> EXERCISE AIM
Set down each entry below exactly as written, keeping the pictures out.

> AVAILABLE RECORDS
* * *
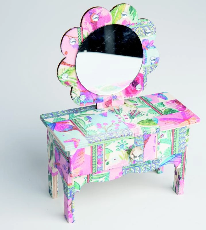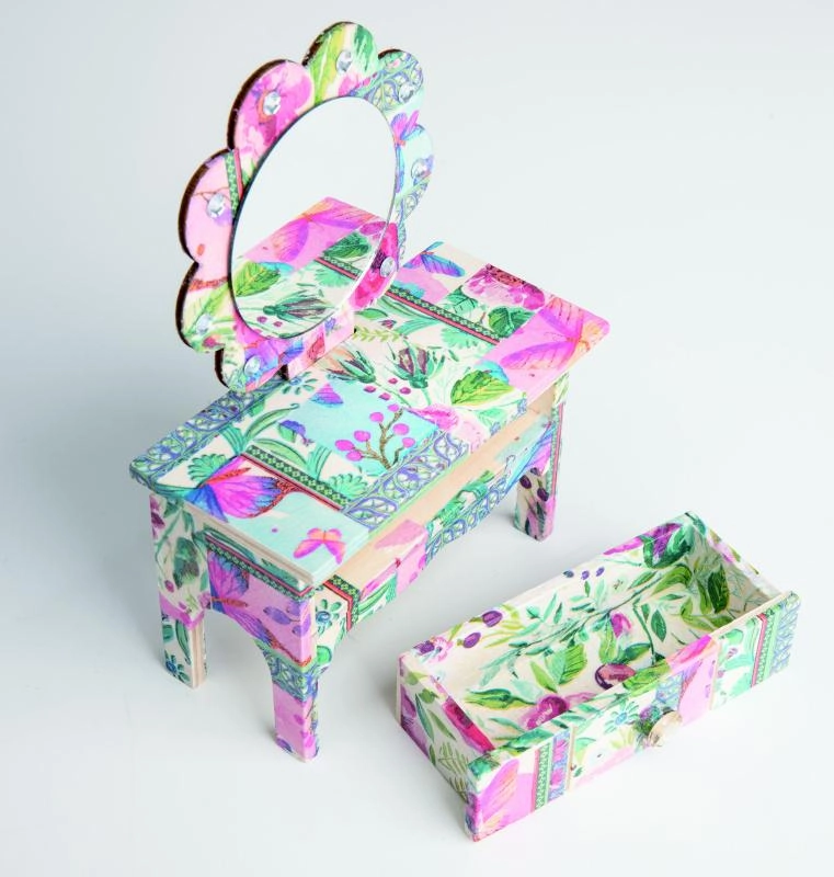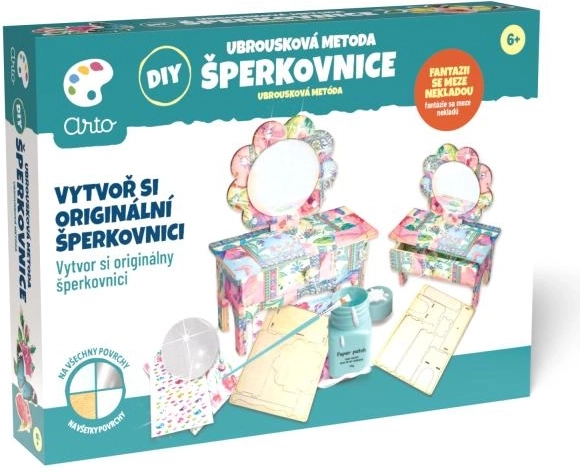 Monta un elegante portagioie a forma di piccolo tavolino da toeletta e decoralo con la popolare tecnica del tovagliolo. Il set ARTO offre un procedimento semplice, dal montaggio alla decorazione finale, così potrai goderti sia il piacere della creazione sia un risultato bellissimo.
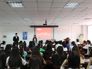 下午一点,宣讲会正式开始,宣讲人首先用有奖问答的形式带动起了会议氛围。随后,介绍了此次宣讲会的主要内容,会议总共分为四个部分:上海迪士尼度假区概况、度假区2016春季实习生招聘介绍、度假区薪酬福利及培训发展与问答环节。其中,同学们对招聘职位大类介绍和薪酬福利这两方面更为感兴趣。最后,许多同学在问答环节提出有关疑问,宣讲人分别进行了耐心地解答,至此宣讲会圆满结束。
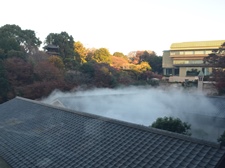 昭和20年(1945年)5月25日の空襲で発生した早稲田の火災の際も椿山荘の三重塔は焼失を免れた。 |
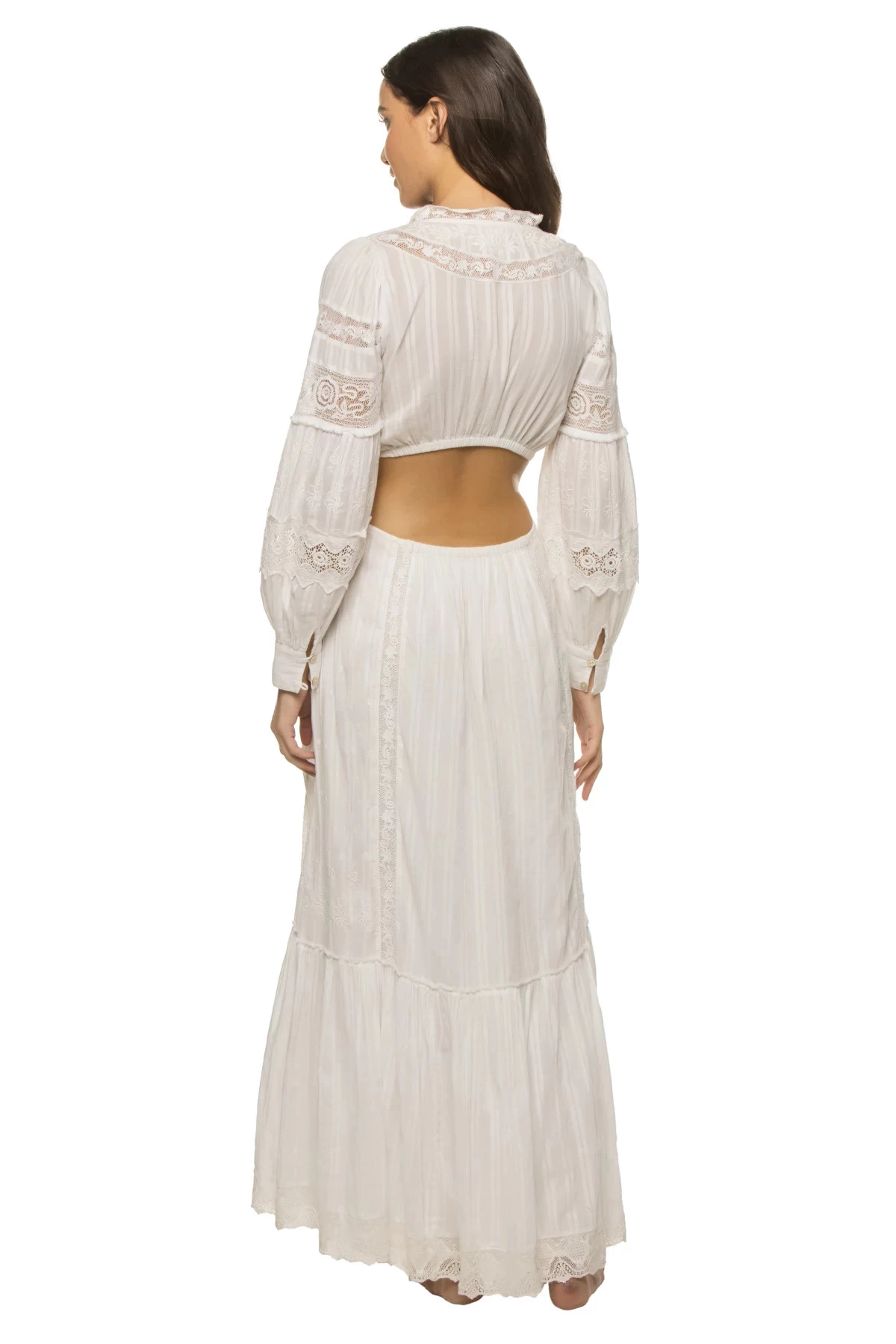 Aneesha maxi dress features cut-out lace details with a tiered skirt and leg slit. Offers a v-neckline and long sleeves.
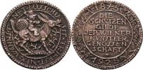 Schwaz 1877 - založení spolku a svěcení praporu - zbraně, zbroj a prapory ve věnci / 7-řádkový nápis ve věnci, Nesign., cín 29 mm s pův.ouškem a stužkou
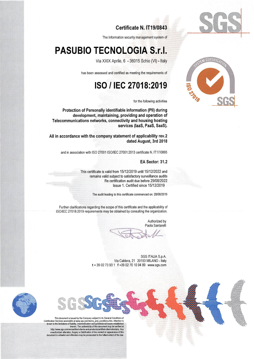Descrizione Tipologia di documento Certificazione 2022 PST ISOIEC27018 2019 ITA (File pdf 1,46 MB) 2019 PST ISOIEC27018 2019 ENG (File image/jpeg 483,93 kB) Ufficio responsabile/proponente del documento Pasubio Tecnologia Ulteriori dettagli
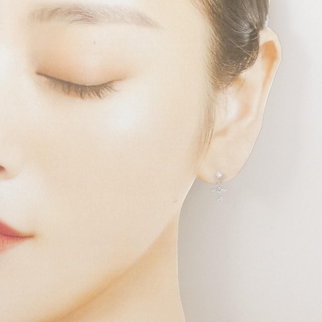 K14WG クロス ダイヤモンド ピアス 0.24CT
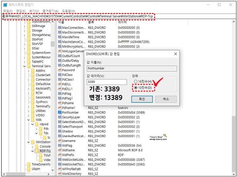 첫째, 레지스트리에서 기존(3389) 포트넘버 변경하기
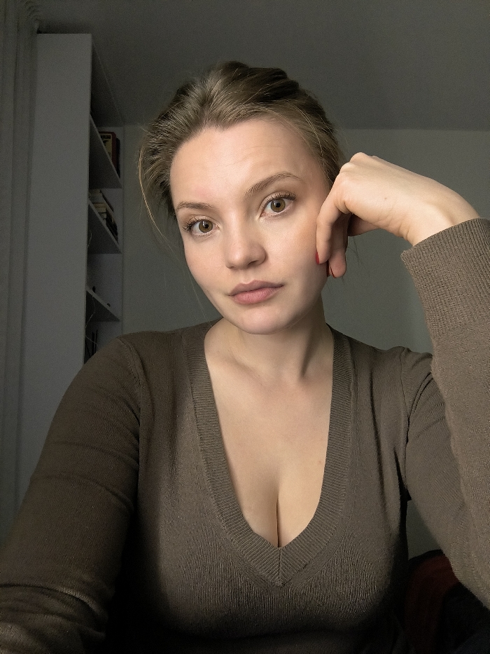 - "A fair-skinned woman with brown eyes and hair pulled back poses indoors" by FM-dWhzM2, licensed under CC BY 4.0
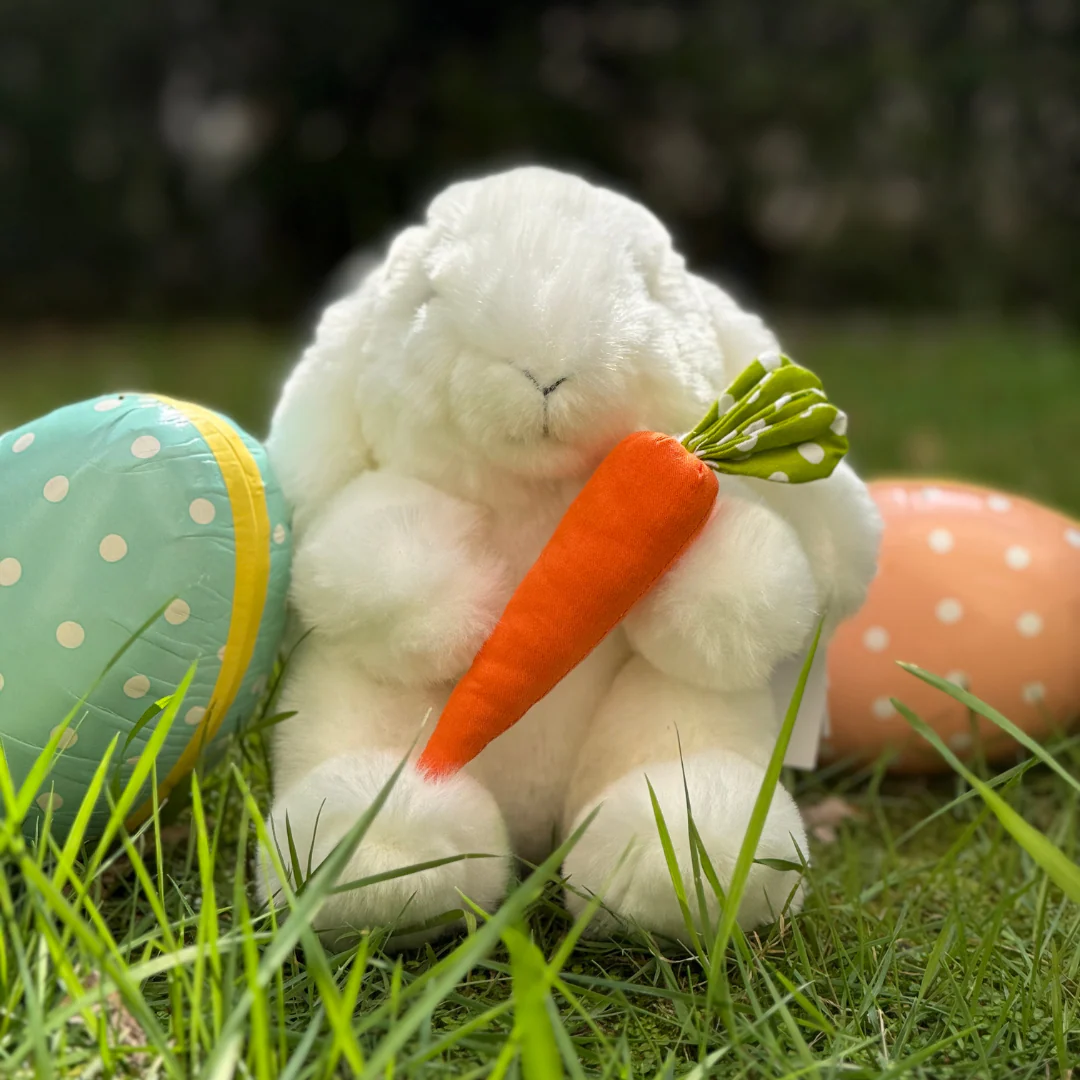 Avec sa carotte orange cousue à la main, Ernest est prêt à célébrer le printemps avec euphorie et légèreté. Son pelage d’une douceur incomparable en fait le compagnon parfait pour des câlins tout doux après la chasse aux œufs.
* * *
> ANSWER AREA
 Monta un elegante portagioie a forma di piccolo tavolino da toeletta e decoralo con la popolare tecnica del tovagliolo. Il set ARTO offre un procedimento semplice, dal montaggio alla decorazione finale, così potrai goderti sia il piacere della creazione sia un risultato bellissimo.
 下午一点,宣讲会正式开始,宣讲人首先用有奖问答的形式带动起了会议氛围。随后,介绍了此次宣讲会的主要内容,会议总共分为四个部分:上海迪士尼度假区概况、度假区2016春季实习生招聘介绍、度假区薪酬福利及培训发展与问答环节。其中,同学们对招聘职位大类介绍和薪酬福利这两方面更为感兴趣。最后,许多同学在问答环节提出有关疑问,宣讲人分别进行了耐心地解答,至此宣讲会圆满结束。
 昭和20年(1945年)5月25日の空襲で発生した早稲田の火災の際も椿山荘の三重塔は焼失を免れた。 |
 Aneesha maxi dress features cut-out lace details with a tiered skirt and leg slit. Offers a v-neckline and long sleeves.
 Schwaz 1877 - založení spolku a svěcení praporu - zbraně, zbroj a prapory ve věnci / 7-řádkový nápis ve věnci, Nesign., cín 29 mm s pův.ouškem a stužkou
Descrizione Tipologia di documento Certificazione 2022 PST ISOIEC27018 2019 ITA (File pdf 1,46 MB) 2019 PST ISOIEC27018 2019 ENG (File image/jpeg 483,93 kB) Ufficio responsabile/proponente del documento Pasubio Tecnologia Ulteriori dettagli
 K14WG クロス ダイヤモンド ピアス 0.24CT
 첫째, 레지스트리에서 기존(3389) 포트넘버 변경하기
 - "A fair-skinned woman with brown eyes and hair pulled back poses indoors" by FM-dWhzM2, licensed under CC BY 4.0
 Avec sa carotte orange cousue à la main, Ernest est prêt à célébrer le printemps avec euphorie et légèreté. Son pelage d’une douceur incomparable en fait le compagnon parfait pour des câlins tout doux après la chasse aux œufs.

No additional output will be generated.